» What you will do
Exact reproduction is required for the lines below starting at the line with "天眼查风险信息显示,2025" and ending at the line with "WONDERFUL WORLD /", both included. No other lines, and no pictures.

» Provided records

╔══

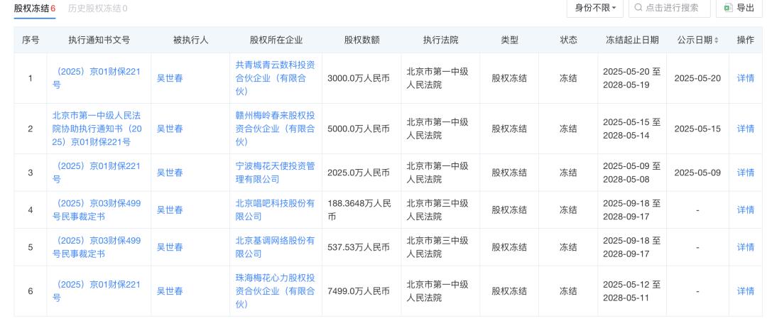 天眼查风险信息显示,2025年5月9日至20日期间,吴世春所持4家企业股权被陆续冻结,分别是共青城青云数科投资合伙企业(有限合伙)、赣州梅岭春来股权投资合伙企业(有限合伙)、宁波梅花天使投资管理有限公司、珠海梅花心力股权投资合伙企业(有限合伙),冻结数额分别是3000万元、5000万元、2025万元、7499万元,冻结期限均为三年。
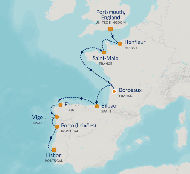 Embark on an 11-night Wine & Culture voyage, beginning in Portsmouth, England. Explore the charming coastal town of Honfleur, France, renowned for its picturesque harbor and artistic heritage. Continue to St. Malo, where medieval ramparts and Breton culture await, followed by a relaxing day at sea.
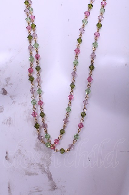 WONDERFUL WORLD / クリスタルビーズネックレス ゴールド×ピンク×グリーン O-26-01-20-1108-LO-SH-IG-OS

╚══
╔══

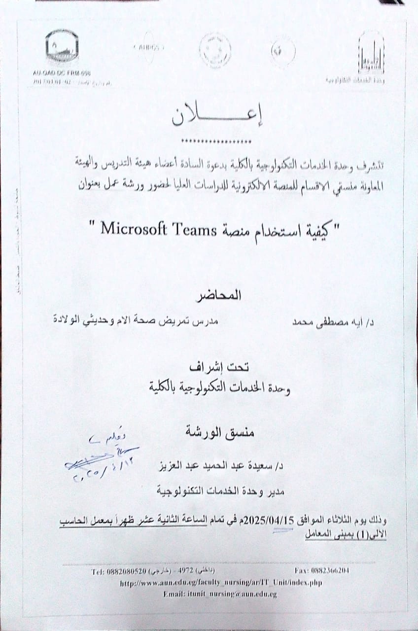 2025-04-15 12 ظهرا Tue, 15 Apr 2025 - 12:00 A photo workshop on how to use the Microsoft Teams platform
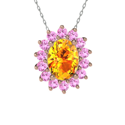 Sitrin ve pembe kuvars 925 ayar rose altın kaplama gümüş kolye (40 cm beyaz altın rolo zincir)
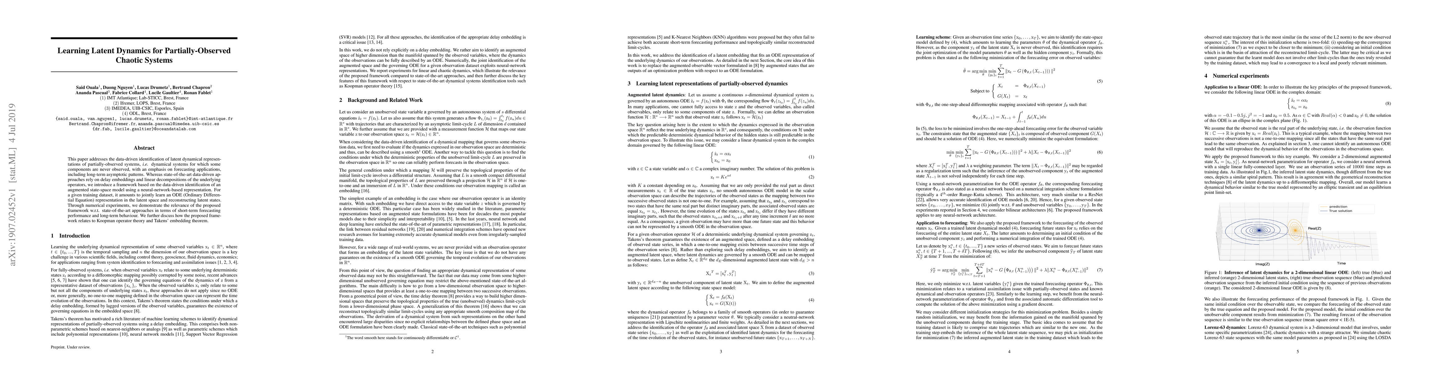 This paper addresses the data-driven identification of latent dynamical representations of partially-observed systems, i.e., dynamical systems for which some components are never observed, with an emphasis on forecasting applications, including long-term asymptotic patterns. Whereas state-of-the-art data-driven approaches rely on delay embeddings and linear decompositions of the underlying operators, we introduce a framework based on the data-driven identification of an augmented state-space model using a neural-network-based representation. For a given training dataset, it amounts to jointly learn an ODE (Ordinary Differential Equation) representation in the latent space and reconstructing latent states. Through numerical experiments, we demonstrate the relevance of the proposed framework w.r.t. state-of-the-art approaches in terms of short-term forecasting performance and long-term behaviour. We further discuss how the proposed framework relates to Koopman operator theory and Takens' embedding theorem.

╚══

» Solution to this problem
 天眼查风险信息显示,2025年5月9日至20日期间,吴世春所持4家企业股权被陆续冻结,分别是共青城青云数科投资合伙企业(有限合伙)、赣州梅岭春来股权投资合伙企业(有限合伙)、宁波梅花天使投资管理有限公司、珠海梅花心力股权投资合伙企业(有限合伙),冻结数额分别是3000万元、5000万元、2025万元、7499万元,冻结期限均为三年。
 Embark on an 11-night Wine & Culture voyage, beginning in Portsmouth, England. Explore the charming coastal town of Honfleur, France, renowned for its picturesque harbor and artistic heritage. Continue to St. Malo, where medieval ramparts and Breton culture await, followed by a relaxing day at sea.
 WONDERFUL WORLD / クリスタルビーズネックレス ゴールド×ピンク×グリーン O-26-01-20-1108-LO-SH-IG-OS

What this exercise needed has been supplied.